Verification and comparison of probabilistic precipitation forecasts using the TIGGE data in the upriver of Huaihe Basin
- 1Public Weather Service Centre, China Meteorological Administration, Beijing 100081, China
- 2National Meteorological Centre, China Meteorological Administration, Beijing 100081, China
Abstract. The precipitation forecasts of three ensemble prediction systems (EPS) and two multi-model ensemble prediction systems (MM EPS) were assessed by comparing with observations from 19 rain gauge stations located in the Dapoling-Wangjiaba sub-catchment of Huaihe Basin for the period from 1 July to 6 August 2008. The sample Probabilistic Distribution Functions (PDF) of gamma distribution, the Relative Operating Characteristic (ROC) diagrams, the percentile precipitation and a heavy rainfall event are analyzed to evaluate the performances of the single and multi-model ensemble prediction system (EPS).
The three EPS were from the China Meteorological Administration (CMA); the United States National Centre for Environment Predictions (NCEP); and the European Centre for Medium-Range Weather Forecasts (ECMWF), all were obtained from the TIGGE-CMA archiving centre (THORPEX Interactive Grand Global Ensemble, TIGGE). The MM EPS were created using the equal weighting method for every ensemble member over the test area, the first ( MM-1) consisted of all three EPS, the second (MM-2) consisted of the ECMWF and NCEP EPS.
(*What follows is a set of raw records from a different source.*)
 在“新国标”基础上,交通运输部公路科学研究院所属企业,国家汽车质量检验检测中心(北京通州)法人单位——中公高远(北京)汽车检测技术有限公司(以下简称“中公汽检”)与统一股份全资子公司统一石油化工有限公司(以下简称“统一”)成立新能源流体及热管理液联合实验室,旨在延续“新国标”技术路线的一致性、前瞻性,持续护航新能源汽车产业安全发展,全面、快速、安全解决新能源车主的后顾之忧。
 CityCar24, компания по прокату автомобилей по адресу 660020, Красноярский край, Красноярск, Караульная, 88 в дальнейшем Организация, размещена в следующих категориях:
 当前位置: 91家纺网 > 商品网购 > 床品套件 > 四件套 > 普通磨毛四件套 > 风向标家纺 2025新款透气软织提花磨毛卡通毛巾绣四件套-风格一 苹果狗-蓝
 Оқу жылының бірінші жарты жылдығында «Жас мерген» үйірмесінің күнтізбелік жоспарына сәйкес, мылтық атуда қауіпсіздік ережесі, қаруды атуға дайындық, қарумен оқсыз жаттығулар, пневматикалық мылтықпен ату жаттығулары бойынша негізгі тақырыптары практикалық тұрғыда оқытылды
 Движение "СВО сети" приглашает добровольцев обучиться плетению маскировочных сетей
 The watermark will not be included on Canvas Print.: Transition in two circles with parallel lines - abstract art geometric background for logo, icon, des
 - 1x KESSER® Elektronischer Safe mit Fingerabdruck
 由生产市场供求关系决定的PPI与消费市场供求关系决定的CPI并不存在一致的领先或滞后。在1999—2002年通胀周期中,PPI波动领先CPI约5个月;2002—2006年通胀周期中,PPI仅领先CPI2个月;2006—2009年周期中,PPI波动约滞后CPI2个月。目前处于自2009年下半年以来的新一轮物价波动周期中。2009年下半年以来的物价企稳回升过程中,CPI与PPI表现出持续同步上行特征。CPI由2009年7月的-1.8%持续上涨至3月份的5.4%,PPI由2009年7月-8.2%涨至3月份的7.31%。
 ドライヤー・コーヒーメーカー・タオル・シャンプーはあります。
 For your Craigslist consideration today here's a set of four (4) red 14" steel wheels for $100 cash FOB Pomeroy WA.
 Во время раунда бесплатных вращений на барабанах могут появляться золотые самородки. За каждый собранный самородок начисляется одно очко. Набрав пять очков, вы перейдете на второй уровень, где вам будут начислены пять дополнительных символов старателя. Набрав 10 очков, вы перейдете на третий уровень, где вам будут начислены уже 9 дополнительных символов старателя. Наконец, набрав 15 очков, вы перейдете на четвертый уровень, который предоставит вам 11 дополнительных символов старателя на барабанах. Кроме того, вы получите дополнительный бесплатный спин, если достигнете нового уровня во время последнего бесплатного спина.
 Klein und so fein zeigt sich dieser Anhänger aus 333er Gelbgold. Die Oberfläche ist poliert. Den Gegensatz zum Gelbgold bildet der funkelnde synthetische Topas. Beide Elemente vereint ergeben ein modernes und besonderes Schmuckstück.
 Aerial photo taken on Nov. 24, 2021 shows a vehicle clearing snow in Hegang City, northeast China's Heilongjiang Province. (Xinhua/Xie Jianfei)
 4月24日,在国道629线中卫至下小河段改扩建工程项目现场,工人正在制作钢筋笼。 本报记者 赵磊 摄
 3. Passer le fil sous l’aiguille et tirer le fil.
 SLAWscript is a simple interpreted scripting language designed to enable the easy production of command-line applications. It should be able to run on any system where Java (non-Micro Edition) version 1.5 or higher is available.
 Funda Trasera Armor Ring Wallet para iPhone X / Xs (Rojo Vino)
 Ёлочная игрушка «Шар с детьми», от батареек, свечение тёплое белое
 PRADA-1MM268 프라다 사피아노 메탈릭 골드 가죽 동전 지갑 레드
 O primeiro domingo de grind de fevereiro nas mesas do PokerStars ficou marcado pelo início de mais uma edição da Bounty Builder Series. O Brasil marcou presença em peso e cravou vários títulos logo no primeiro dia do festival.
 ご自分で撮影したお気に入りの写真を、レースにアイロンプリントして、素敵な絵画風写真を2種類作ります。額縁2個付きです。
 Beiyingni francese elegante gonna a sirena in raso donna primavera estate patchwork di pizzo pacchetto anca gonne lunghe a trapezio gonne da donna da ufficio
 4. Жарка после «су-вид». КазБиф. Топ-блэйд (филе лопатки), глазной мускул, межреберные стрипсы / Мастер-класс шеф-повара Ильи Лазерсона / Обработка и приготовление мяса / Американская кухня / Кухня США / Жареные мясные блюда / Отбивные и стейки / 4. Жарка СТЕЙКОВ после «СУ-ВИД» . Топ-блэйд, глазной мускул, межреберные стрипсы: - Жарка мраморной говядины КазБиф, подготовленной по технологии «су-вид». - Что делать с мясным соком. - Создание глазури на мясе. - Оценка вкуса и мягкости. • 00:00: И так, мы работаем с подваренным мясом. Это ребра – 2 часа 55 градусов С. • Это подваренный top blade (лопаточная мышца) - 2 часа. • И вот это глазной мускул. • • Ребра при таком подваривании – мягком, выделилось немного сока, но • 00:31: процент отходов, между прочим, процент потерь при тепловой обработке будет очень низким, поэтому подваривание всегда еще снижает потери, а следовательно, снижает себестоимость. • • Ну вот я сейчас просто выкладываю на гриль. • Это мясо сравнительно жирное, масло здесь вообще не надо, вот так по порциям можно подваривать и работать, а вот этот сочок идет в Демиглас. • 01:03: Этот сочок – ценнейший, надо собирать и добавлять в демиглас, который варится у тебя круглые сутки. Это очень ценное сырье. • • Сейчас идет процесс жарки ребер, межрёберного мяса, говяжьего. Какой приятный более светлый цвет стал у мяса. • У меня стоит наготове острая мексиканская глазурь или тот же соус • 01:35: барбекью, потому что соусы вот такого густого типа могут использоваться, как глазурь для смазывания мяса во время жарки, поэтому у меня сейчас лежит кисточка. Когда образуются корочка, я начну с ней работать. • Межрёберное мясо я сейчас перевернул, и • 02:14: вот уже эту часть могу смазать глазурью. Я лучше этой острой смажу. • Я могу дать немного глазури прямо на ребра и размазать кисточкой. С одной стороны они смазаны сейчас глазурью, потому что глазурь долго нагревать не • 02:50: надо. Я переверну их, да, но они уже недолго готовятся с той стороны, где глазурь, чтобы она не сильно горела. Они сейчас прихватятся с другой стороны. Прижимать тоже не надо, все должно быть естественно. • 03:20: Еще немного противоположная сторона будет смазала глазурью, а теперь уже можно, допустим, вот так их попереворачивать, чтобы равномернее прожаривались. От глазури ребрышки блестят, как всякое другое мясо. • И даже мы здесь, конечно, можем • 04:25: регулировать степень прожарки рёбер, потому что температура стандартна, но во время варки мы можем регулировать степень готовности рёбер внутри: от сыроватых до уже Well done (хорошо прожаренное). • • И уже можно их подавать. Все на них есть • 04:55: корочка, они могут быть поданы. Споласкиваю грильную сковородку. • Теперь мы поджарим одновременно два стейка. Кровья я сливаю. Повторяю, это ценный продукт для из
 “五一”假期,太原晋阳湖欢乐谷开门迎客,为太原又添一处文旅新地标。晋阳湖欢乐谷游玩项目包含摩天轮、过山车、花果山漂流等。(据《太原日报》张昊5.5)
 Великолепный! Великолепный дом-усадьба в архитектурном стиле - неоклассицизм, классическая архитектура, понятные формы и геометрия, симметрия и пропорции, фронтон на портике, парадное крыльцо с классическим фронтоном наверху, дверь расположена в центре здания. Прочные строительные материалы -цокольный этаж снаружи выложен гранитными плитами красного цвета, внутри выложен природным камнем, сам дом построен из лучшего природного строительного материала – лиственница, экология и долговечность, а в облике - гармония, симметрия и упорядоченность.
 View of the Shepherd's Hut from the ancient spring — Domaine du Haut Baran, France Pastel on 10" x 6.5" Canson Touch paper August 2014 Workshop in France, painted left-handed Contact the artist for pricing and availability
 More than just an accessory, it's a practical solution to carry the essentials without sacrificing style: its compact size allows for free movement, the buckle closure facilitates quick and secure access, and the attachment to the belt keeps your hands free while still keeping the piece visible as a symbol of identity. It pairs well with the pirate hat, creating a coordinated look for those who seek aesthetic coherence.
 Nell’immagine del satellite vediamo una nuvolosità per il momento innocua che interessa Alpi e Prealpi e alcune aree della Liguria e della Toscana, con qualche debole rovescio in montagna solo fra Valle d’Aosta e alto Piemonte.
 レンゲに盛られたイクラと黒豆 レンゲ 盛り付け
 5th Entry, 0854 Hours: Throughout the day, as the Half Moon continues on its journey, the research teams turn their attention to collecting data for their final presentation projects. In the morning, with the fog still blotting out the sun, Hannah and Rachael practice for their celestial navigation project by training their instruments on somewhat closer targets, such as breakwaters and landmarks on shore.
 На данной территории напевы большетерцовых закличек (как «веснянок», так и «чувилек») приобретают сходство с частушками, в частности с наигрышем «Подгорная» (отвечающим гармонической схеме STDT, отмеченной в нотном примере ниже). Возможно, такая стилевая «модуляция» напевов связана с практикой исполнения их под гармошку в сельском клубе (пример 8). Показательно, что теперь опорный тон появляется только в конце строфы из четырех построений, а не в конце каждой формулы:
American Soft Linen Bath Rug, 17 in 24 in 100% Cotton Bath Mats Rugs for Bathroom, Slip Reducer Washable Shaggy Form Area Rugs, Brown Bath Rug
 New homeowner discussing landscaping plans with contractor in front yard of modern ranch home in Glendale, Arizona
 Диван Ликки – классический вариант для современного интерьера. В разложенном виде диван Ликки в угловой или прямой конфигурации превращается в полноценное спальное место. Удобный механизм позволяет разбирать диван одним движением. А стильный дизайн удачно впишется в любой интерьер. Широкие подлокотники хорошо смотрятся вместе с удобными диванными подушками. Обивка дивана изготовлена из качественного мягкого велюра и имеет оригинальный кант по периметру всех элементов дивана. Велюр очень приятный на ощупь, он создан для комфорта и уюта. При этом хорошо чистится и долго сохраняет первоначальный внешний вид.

The results demonstrate the level of correspondence between deterioration in predictive skill and extended lead time. Compared with observations and with a lead time of one day, ECMWF performs a little better than other centre's. With over five days in advance, all the three EPS and the two MM EPS don't give reliable probabilistic precipitation forecasts. Both MM EPS can outperform CMA and NCEP for most of the forecasted days, but still perform a little worse than ECMWF. Though variation of daily percentile precipitation and ROC areas show MM-2 outperforms MM-1, gamma distribution indicates much similar performances for all 10-day forecast, and neither is superior to ECMWF.